*ABOUT THIS EXERCISE:* Return each record word for word, keeping none of its pictures.

*RECORDS PROVIDED:*
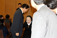 はじめに、100万部を超えるベストセラー『置かれた場所で咲きなさい』の著者でもある渡辺和子ノートルダム清心学園理事長から、50分間にわたって「子育て」「キリスト教学校の意義や意味」等についての特別講演が行われました(於:本校PS講堂)。
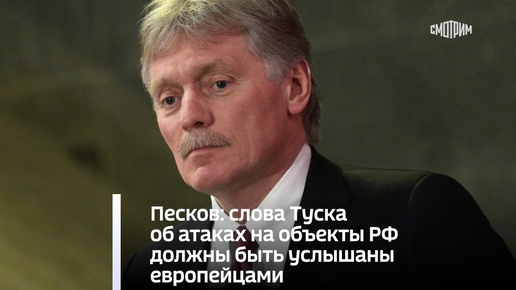Песков: слова Туска об атаках на объекты РФ должны быть услышаны европейцами
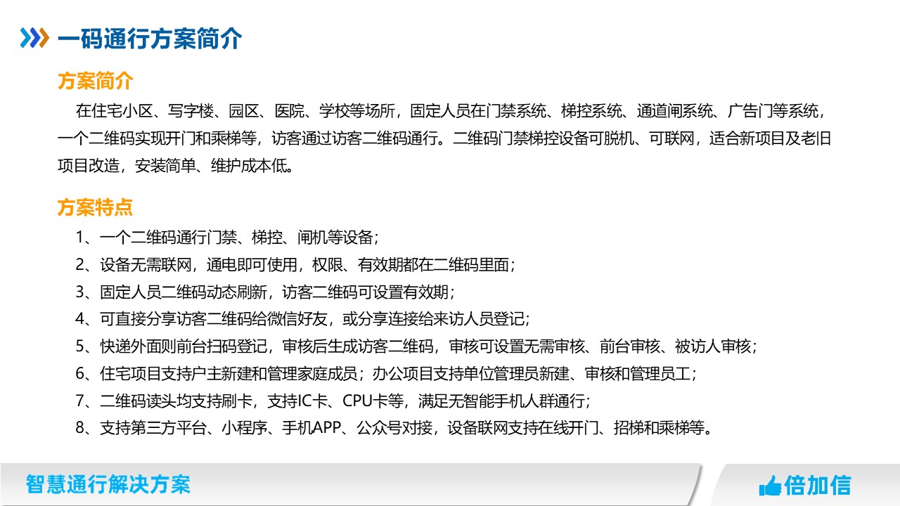 在住宅小區、寫字樓、園區、醫院、學校等場所,固定人員在門禁系統、梯控系統、通道閘系統、廣告門等系統,一個二維碼實現開門和乘梯等,訪客通過訪客二維碼通行。二維碼門禁梯控設備可脫機、可聯網,適合新項目及老舊項目改造,安裝簡單、維護成本低。
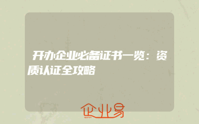- 开办企业必备证书一览:资质认证全攻略一、了解企业资质认证的重要性在现代社会,开办企业不仅需要充足的资金、合适的人员和优秀的商业模式,还需要一系列的资质证书来证明企业的合法性和专业能力。这些资质认证不仅
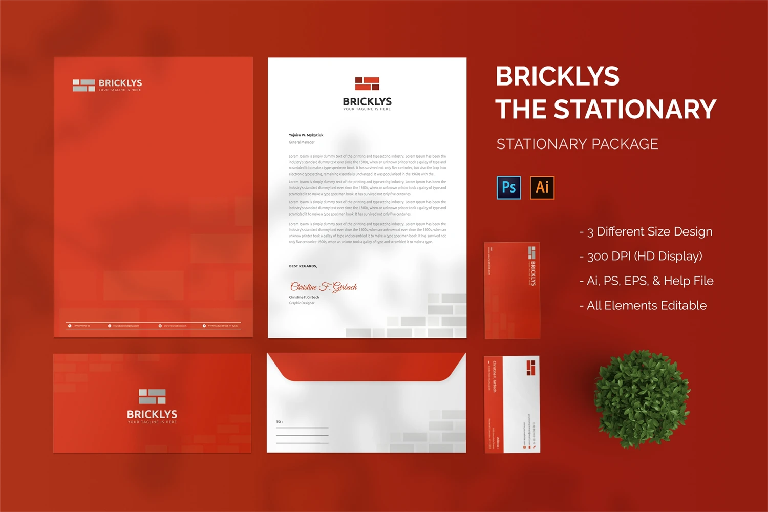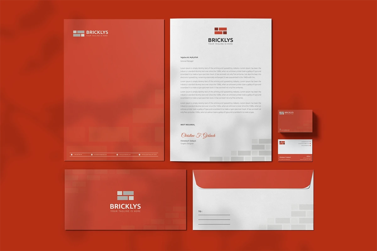 Bricklys - Stationary. This template is great for your business and this design will make your interested, elegant, and easily editable according to your needs. I hope you enjoy for this stationary.
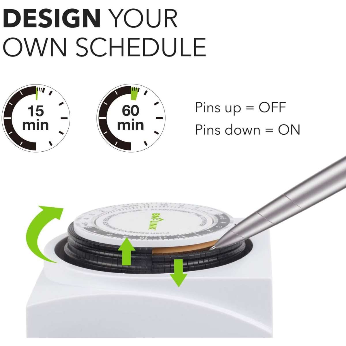 ✓ FULLY ADJUSTABLE: Simply press down all the pins for the range of time (15 minute to 24 hours) you would like your attached appliance to turn on. The programed schedule will repeat every 24 hours, automatically turning on and off your device. If you want timer switch always on, just flip the switch to the ‘On’ position to keep bypass the timer function.
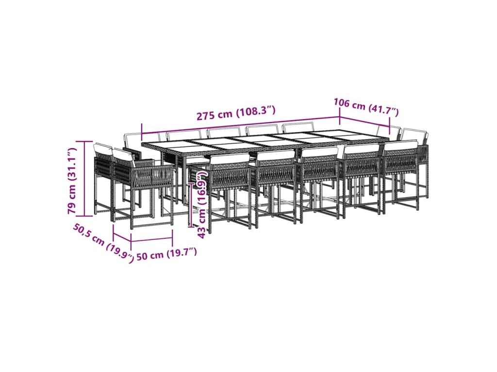 15dílný zahradní jídelní set s poduškami černý polyratan 3211599
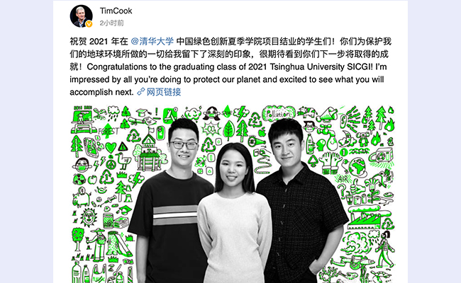 苹果公司首席执行官、米兰milan官方网站经济管理学院顾问委员会主席蒂姆·库克(TimCook)通过个人微博祝贺2021中国绿色创新夏季学院项目结业。他在微博中提到“你们为地球环境所做的一切给我留下了深刻的印象,很期待看到你们下一步将取得的成就!”

*ANSWER TO THE PROBLEM:*
 はじめに、100万部を超えるベストセラー『置かれた場所で咲きなさい』の著者でもある渡辺和子ノートルダム清心学園理事長から、50分間にわたって「子育て」「キリスト教学校の意義や意味」等についての特別講演が行われました(於:本校PS講堂)。
Песков: слова Туска об атаках на объекты РФ должны быть услышаны европейцами
 在住宅小區、寫字樓、園區、醫院、學校等場所,固定人員在門禁系統、梯控系統、通道閘系統、廣告門等系統,一個二維碼實現開門和乘梯等,訪客通過訪客二維碼通行。二維碼門禁梯控設備可脫機、可聯網,適合新項目及老舊項目改造,安裝簡單、維護成本低。
- 开办企业必备证书一览:资质认证全攻略一、了解企业资质认证的重要性在现代社会,开办企业不仅需要充足的资金、合适的人员和优秀的商业模式,还需要一系列的资质证书来证明企业的合法性和专业能力。这些资质认证不仅
 Bricklys - Stationary. This template is great for your business and this design will make your interested, elegant, and easily editable according to your needs. I hope you enjoy for this stationary.
 ✓ FULLY ADJUSTABLE: Simply press down all the pins for the range of time (15 minute to 24 hours) you would like your attached appliance to turn on. The programed schedule will repeat every 24 hours, automatically turning on and off your device. If you want timer switch always on, just flip the switch to the ‘On’ position to keep bypass the timer function.
 15dílný zahradní jídelní set s poduškami černý polyratan 3211599
 苹果公司首席执行官、米兰milan官方网站经济管理学院顾问委员会主席蒂姆·库克(TimCook)通过个人微博祝贺2021中国绿色创新夏季学院项目结业。他在微博中提到“你们为地球环境所做的一切给我留下了深刻的印象,很期待看到你们下一步将取得的成就!”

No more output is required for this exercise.